Председатель ушел… Решков остался в пустоте своих комнат и взглянул на качающийся диск маятника в саркофаге часов. Потом поднял глаза к циферблату. Одиннадцать. Впереди бесконечно длинная ночь. Ее, конечно, можно укоротить, но для этого надо принять хорошую дозу снотворного. Это уже стало привычкой, тяжелой и, подчас, заставляющей думать, что восемь внешне безобидных, скучно желтых горошин достаточны для того, чтобы больше не просыпаться.
Об этом подумал Решков и сейчас, косо посмотрев в сторону письменного стола, в одном из ящиков которого лежали и кольт и слегка желтоватые таблетки. К столу он не подошел. Он открыл балконную дверь, вынес стул, уселся на него и с высоты третьего этажа принялся следить за пустой улицей.
Вдруг и совершенно неожиданно он обнаружил, что следит не за улицей, а за самим собой. Видимо, под влиянием недавнего разговора о «сравнительном жизнеописании замечательных людей», он принялся восстанавливать все последние книги, прочитанные им. Это были не романы и не повести, это были описания «знаменитых»: ученых, проповедников, государственных деятелей, изобретателей, писателей. Думая о них, невольно установил, что большинство этих «знаменитых» – выходцы из народа. Это уже было открытие.
– Я тоже из народа, – прошептал Решков, как бы оправдываясь перед кем-то.
Оправдание не удалось. Он должен был признать, что сам он не из тех, кто попадает в энциклопедии. Он – особенный. И тут же прикусил губу, вспомнив, чей он сын. Возвращение к тому далекому прошлому было болезненным еще и потому, что он, может быть и совершенно случайно, в последние месяцы внимательно изучил несколько трудов о наследственности. И вот теперь – совершенно невольно – чьими-то выводами, как аршином, измерял свою судьбу.
Человек рождается с определенными свойствами нервной системы. Бесспорность этой истины и дала, видимо, право итальянскому психиатру и криминалисту Цезарю Ломброзо обосновать теорию «врожденного преступника».
Проклятый Ломброзо! Это он виноват в том, что Решков, разглядывая собственную личность, обнаруживал в ней контуры ломброзианского «врожденного преступника». Правда, под влиянием большевистско-философских рассуждений он отверг Ломброзо, в то же самое время пробуя разобраться в том, почему Ленин и его ученики боятся признать силу наследственности.

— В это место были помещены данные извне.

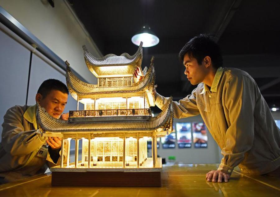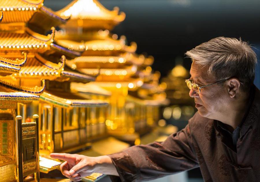 Yao Yingchun with the biggest filigree inlay artwork in the world at a museum in Guangdong province. The piece is 5.2 meters long and 2 meters high, decorated with more than 30,000 pieces of jade and gems. It combines 7 craft techniques. Filigree inlay, one of the eight traditional arts and crafts of Beijing, includes complex techniques. An exhibition opened in Paris on March 5 featuring exquisite filigree inlay work by Yao and his colleagues. A masterpiece of filigree inlay ruyi, or ceremonial scepter, took about 3 months to produce and is a feature of the exhibition.
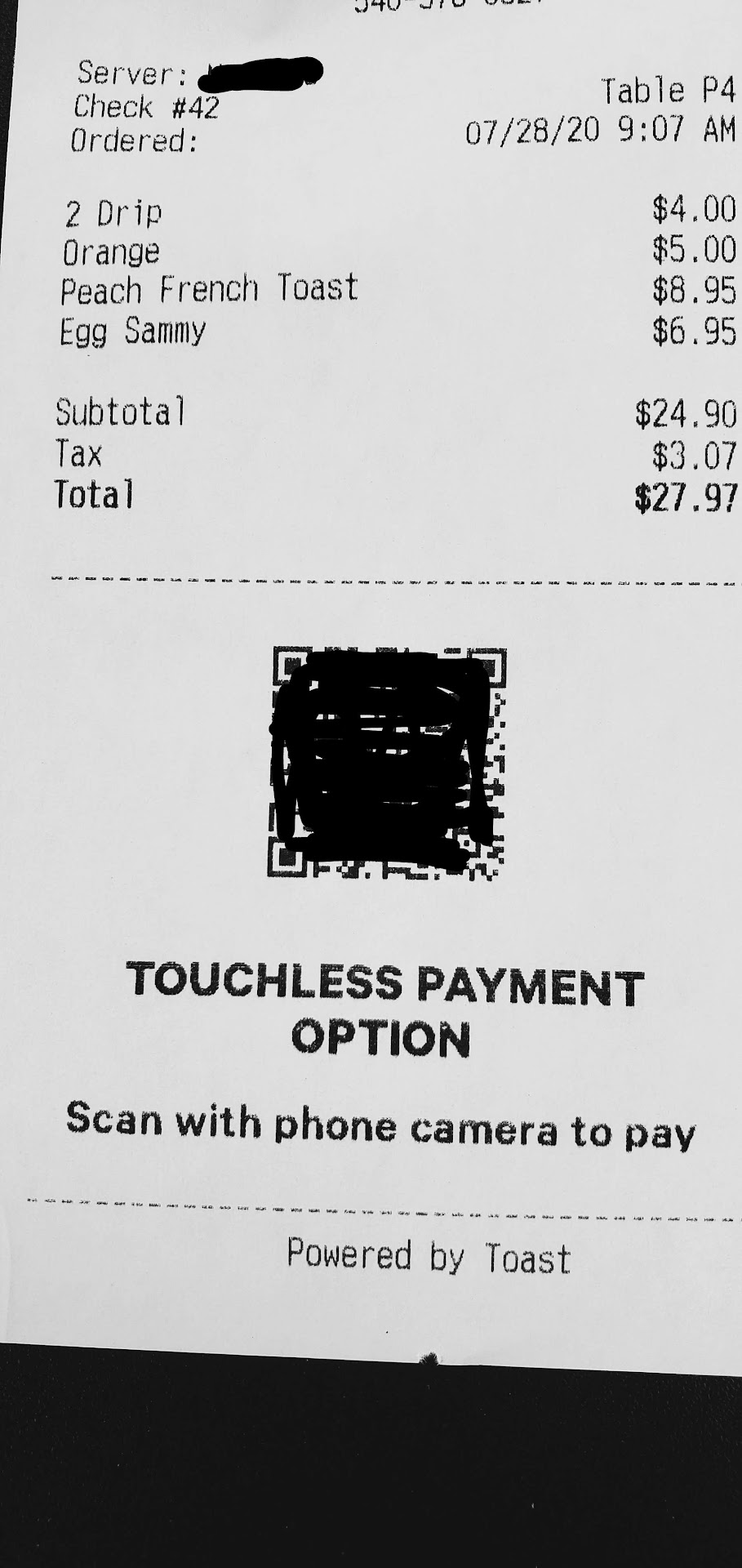 We ordered drinks and 10 minutes later our waiter came to apologize for a "mix up inside" and took our drinks order a second time since he hadn't written anything down the first time. We got our drinks in another 5 minutes. A few minutes after giving our drinks order (the first time) a server tried to give us food we had not ordered. We still had menus at our table. He seemed really lost on where to take the food, which says something about the organization inside. We didn't have our food order taken until after our drinks arrived (see #1)! While time does move differently when you're hungry, I'm pretty sure it took more than 15 minutes to get our food. This would've been acceptable if we had ordered food at the same time as drinks or when they should've arrived but due to the "mix up" we didn't have food until 30+ minutes after being seated. Our waiter stopped by to make sure everything was good with our food 15 minutes after serving us. I was 75% finished. Usually that check-in should happen a few minutes after serving. This made me wonder if he had any prior restaurant experience. After we were finished eating, a different server walked up to us with 2 drinks, set down one of them on the corner of our table, and walked away quickly to give the other drink to a different table without saying anything. We called to get her attention and eventually she returned for the drink and gave it to a different table. I'm not sure why she didn't take 2 seconds to say, "Hi. Iced coffee?" and make eye contact with one of us. We were very quick to say it wasn't ours but she was gone in a second! Our server never refilled our water cups. Normally not a big deal but the cups are small! Glad I didn't order something I expect refills on. Our server never asked if we wanted another drink (mimosa) or anything! He didn't try to sell us on dessert either. Not that I wanted another drink but it would've been a great segue to "no, but can I have some more water please?"
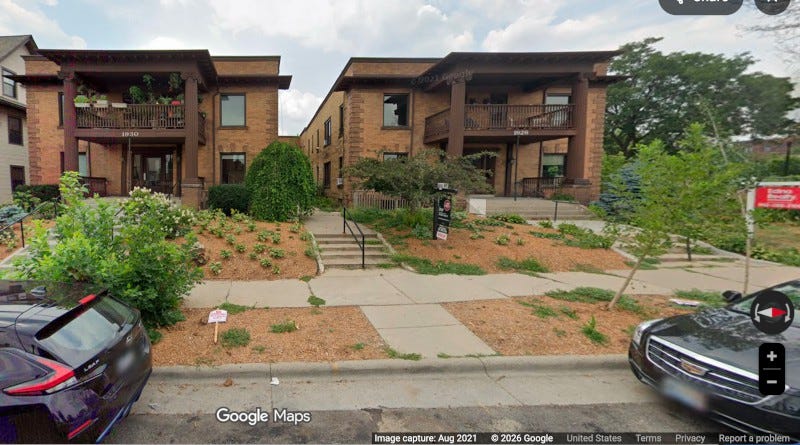 FastpeopleSearch gives his address as 1928 Aldrich Ave S, unit 104. Radaris confirms it as a recent address. But as you see, not only is there no such address, these “condos” don’t have garages. It is on- street parking. Besides, this is a poor neighborhood, and there is no way that guy is living there or ever did. This is almost the ghettoes, being right off 94, under the Hennepin off-ramp. I just did a drive- around there on Google Maps, and it literally looks like the projects. Bums walking around in wife- beaters. Nurses working long hours make very good money, as you know, so there is no reason for him to be living in the projects. Pretti has been a nurse for at least five years, so there is no reason for him to be living in squalor. His family isn’t poor. Even a college-student wouldn’t rent there, but you buy a condo, you don’t rent it. No nurse is going to buy that property, unless he is seriously strung out on meth. So again, something don’t jive here.

Это и заставило Решкова обратиться к Марксу.
Поиски его смутили. Оказывается, Маркс достаточно много говорил о природных, врожденных свойствах человека, о наследственных задатках, инстинктах, о переходящем от отца или матери типе нервной деятельности. В конце концов, Решков обнаружил у Маркса весьма-таки ломброзианские мысли, вроде того, что человек приходит в мир с заранее заложенными и издалека идущими «задатками и способностями».
И сейчас, и раньше, и в том, пока что отодвинутом будущем, когда Решков уже приблизится к своему крушению, он жил и будет жить с вечным оглядыванием на свою жизнь, признавая естественным собственное свое отчуждение от той культуры, куда мог бы ввести его полковник Мовицкий. Оглядываясь, он как бы видел уже заранее написанный приговор.
И не только самому себе, но и тем, с кем он общается, к кому он примкнул, сам не понимая, зачем это сделано. Утешаться мыслью, что его теперешние друзья и единомышленники, да вот тот же самый Председатель, более страшный, чем Робеспьер, тоже живут в отчуждении – он не мог.
Ну, да, он сам, Леонид Решков, сын проститутки, уличной девки, вобрал в себя и свойства отца, с которым он никогда не встречался, хотя и знал, что это был портовый бандит. Маркс, значит, лишь подтвердил то, о чем так убедительно говорил Ломброзо.
Всё ясно. И вместе с тем – далеко не всё ясно, вынужден был признать Решков, вспомнив, что рядом с ним есть много как будто бы вполне нормальных людей, не обремененных свойствами «врожденного преступника», но творящих преступления. Что это? Влияние среды? Патологическое стремление к власти? Зависть?
Ответить на все эти вопросы у него не было ни сил, ни желания. Он стоял где-то на перепутье, зная, что выбор дальнейшего движения от него не зависит.
Грозный и жалкий, жестокий и чуть ли не со слезами скорби разглядывающий какую-то, бережно хранимую, давнюю фотографию – Решков жил жизнью человека, сознающего свою обреченность.